Making the right choices in a digital world

The changing world of patient information

When I first entered the world of primary care as a bright-eyed young medical secretary 38 years ago, I quickly learned the art of juggling a huge number of responsibilities in a highly-organised, but incredibly time-consuming way. There were vast swaths of paper documents, often covered in illegible hand-writing to process, file and sort – and the speed at which we worked meant that sometimes vital information resided in a colleague’s head, rather than in an accessible repository. 

In my earliest days, patient referral letters were typed on an old portable typewriter, with a carbon copy for the patient notes. For those of you too young to remember those days, the word processor is a wonderful invention!

The seeds of change blew my way in 1989 when, as a new practice manager, I oversaw the implementation of a computer system across the practice. For me, technology was new and exciting. Technology would revolutionise the way we worked. Technology was progress. 

But computerising patient records was also hard work.

Ensuring that the relevant nuggets of patient information for 2,500 patients were correctly inputted into the system was a daunting task. Where to start, how to prioritise… and what were read codes?? 

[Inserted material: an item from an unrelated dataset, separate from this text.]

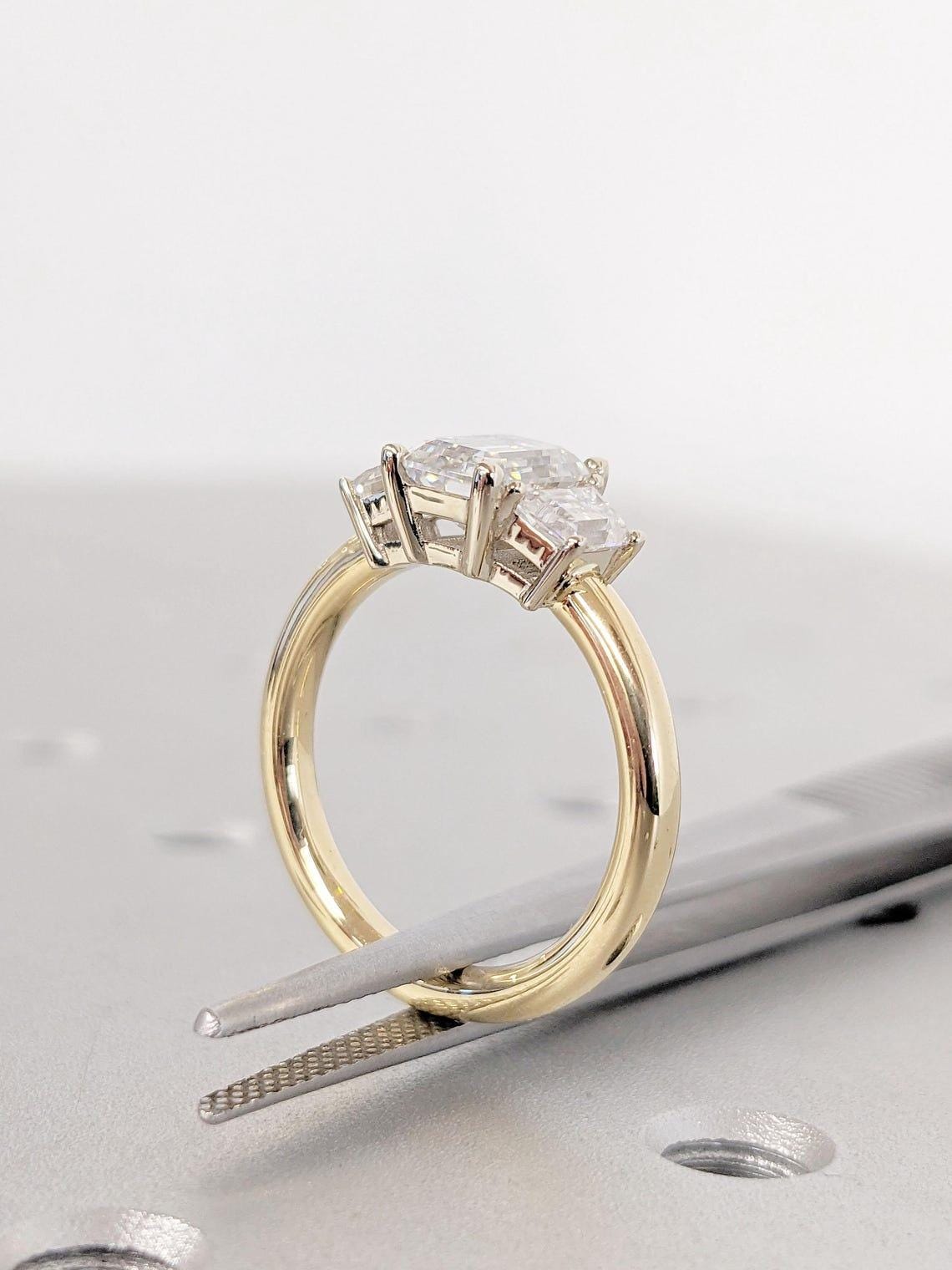 Three Stone Trilogy Lab Created Diamond Engagement Ring | Emerald Cut Diamond Ring | Anniversary Ring | Unique Promise ring | Gift for Her

At that time, there were no guidelines or suggestions, no paper-light practices, no information governance and no magic medication uploads. For printed prescriptions, we had to upload the repeat medication for all of our patients, and all of this whilst running the practice in the usual way.  

Obstacles to digital adoption

I was lucky to work for a team who were quite progressive for that time. Once we had the system up and running, it transformed the way we worked. Since then, I’ve worked for, and with, organisations whose leaders were quite opposed to digital adoption. And surprisingly, many of the objections heard today are the same concerns as were voiced back then.

Data quality, privacy, implementation, cost, training, confidence in the system, job security fears, and resistance to change were all hurdles to overcome. Many GPs worried technology would create more problems than it solved. 

The unreliability of early systems didn’t allay these fears either, so to push on to the next stage of a technological journey could be met with even more resistance. In 1990, the new GP contract came along, enabling us to forward plan and assess our funding options and opportunities. Those changes revolutionised general practice, making the use of technology vital if we were to remain in profit.  

Of course, during the nineties, there were very few choices for general practice IT, but a couple of the main suppliers managed to see it through to the millennium and continue to bigger and better things. Throughout the 2000s, systems started improving and changing at a head-spinning rate. Just keeping up with the changes was a job in itself and IT managers started to be recruited alongside practice managers to support the pace of change.    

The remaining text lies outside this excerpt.